Dans son Histoire de la peinture en Italie, Stendhal écrit : « Je l’aime trop pour en juger ». Avec Le Moulin Rouge!, (2001) c’est la même chose : je l’aime trop pour en juger. Dans une comédie musicale haute en couleur, Baz Luhrmann raconte l’histoire d’amour entre Christian, un jeune poète anglais, et Satine, prostituée et star vedette du célèbre bordel. Et c’est indispensable. Cet article ne vise donc pas une critique objective ou une analyse poussée de la mise en scène, non. Cet article explique tout simplement à qui voudra bien le lire, pourquoi j’aime ce film. Voici donc une liste non exhaustive des raisons pour lesquelles je suis amoureuse de ce film : un top 5 déguisé je suppose.
1). Parlons musique, parlons reprises : une comédie musicale déjantée
Tout y passe : David Bowie, The Police, Madonna et même Maryline Monroe. Les plus grands donc. Chaque chanson est retravaillée à tel point qu’elles semblent avoir été écrites spécialement pour le film.
2). Du rouge, du rouge, du rouge ! : un décor de théâtre ou de cinéma ?
Un des enjeux du film est la transformation du Moulin rouge – un bordel – en salle de théâtre. L’espace du film lui-même se construit comme un mini-théâtre. Baz Luhrmann ne cache d’ailleurs pas la mise en abyme puisque le film commence par un levé de rideaux rouges. Au-delà du théâtre, le film rend un hommage poétique et magique à la ville de Paris reconstruite en maquette. Les personnages dansent sur les toits de Montmartre et près d’une tour Eiffel miniaturisée sous une pluie d’étoile. Le film reconstruit totalement l’espace de la ville et du bordel : le spectateur entre dans un monde coloré et purement cinématographique.
3). C’est un anglais et un nain déguisé en none… : un humour rythmé
La première partie du film est extrêmement drôle. Tout est totalement absurde : Christian rencontre Toulouse car un argentin narcoleptique traverse le plafond de sa chambre d’hôtel. Satine confond Christian et le Duc ce qui donne lieu à un quiproquo hilarant. Même les reprises sont teintées d’humour comme celle de Like a Virgin (Madonna).
4). « I will always love you » … or maybe not : une vision pessimiste de l’amour ?
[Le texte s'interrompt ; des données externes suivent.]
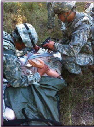
Figure 2 Assisted Ventilation With the Study Device in a Simulated Casualty.
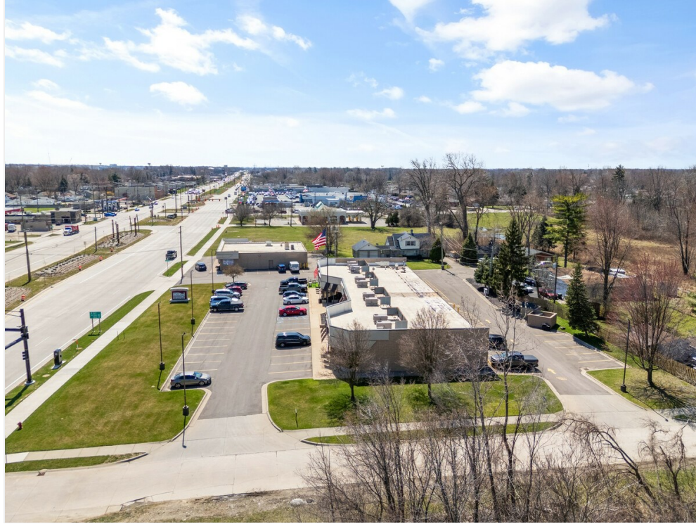
33241 Mound Rd_073
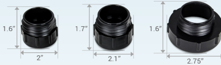
3 Different Size Adaptors
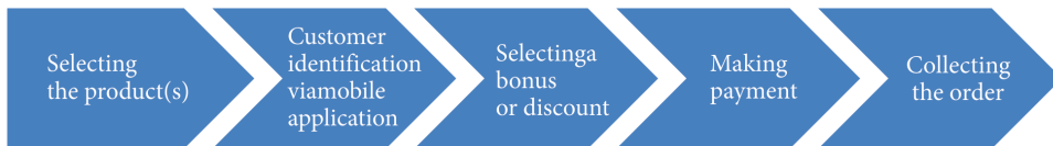
Figure 1. The purchasing process in Costa Coffee

In response to the new market conditions, Costa brand owners decided to improve the existing loyalty plan and adapt it to the requirements of new consumers. In October 2018, they launched a new loyalty program in Poland via a mobile application available on smartphones. 20 The application uses mobile technologies such as QR codes and geolocation. QR codes are used as a graphic form of individual identification of a café customer and as an individual coupon. Geolocation, on the other hand, provides information about the nearest cafes in the area. 21 In the new plan the customer collects beans for the purchase of coffee, in order to receive free coffee beans, it has to collect fourteen beans. In addition to collecting beans, the customer gets additional discounts in the form of coupons, e.g. for seasonal coffee or extra cake. 22 The purchase process is as follows.
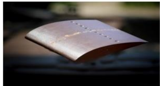
Fig. 1.3- Prototype of dimpled wing

[As stated by Researchers at Khulna University of Engineering & Technology (KUET), Bangladesh in their Paper], developed an experimental prototype of dimpled surface of NACA 4418 airfoil (Chord length 21cm) was used for wind-tunnel testing at Aerodynamics Laboratory, Prototype of the model designed as shown in figure below. Figure 5 – Prototype of dimpled wing.
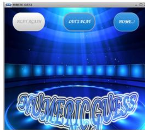
Fig. 2. Default Range Window

Certains diront que Le Moulin rouge ! n’est qu’une comédie romantique à l’eau de rose, si ce n’est « un film cul-cul » pour paraphraser les plus réfractaire. Détrompez-vous. Si on regarde de plus près, Le Moulin rouge ! présente une vision assez sombre et complexe de l’amour et de la relation amoureuse. Première question : est-ce réellement une histoire d’amour ? D’un amour véritable ? Christian tombe amoureux de Satine car il est persuadé qu’elle l’aime. Il tombe alors amoureux de l’amour mais pas de Satine. Peut-être que le film essaye de nous dire que l’on ne tombe jamais amoureux de l’autre pour ce qu’il est, mais toujours pour ce qu’il peut nous apporter. Tomber amoureux serait le fait de l’amour propre : la sensation d’être aimé est ce qui est aimable. L’ambiguïté d’une vision pessimiste ou optimiste de l’amour qui parcourt le film, permet au spectateur de s’interroger voire de décider quelle vision de l’amour lui convient le mieux.
5). « You don’t have to sell your body to the night » : le monde de la prostitution.
Le film ne le cache pas, le moulin rouge est un bordel et Satine est une prostituée. Même si c’est un monde qui peut sembler édulcoré par le décor et les costumes, la violente réalité fait surface. Satine est traitée comme un objet par la majorité des personnages masculins et le Duc particulièrement : Baz Luhrmann va jusqu’à mettre en scène un viol. Satin est considérée comme une femme objet et est emprisonnée dans le monde des « bas-fonds » comme le montre l’oiseau en cage au début du film. Elle espère une libération par le théâtre, mais sa seule réelle émancipation est son histoire d’amour avec Christian. Satine devient l’archétype d’une héroïne au destin tragique.
Le Moulin rouge ! est donc un film plus complexe qu’il n’y paraît. Sous un décor édulcoré, c’est une vision du monde assez pessimiste qui s’offre à nous. Cela peut faire rire les plus sceptiques mais la devise du film « the greatest thing you’ll ever learn is just to love and be loved in return », emprunté à David Bowie dans Nature Boy, n’est pas niaise : c’est peut-être justement ce qui nous éclaire un peu dans l’obscurité apparente du monde.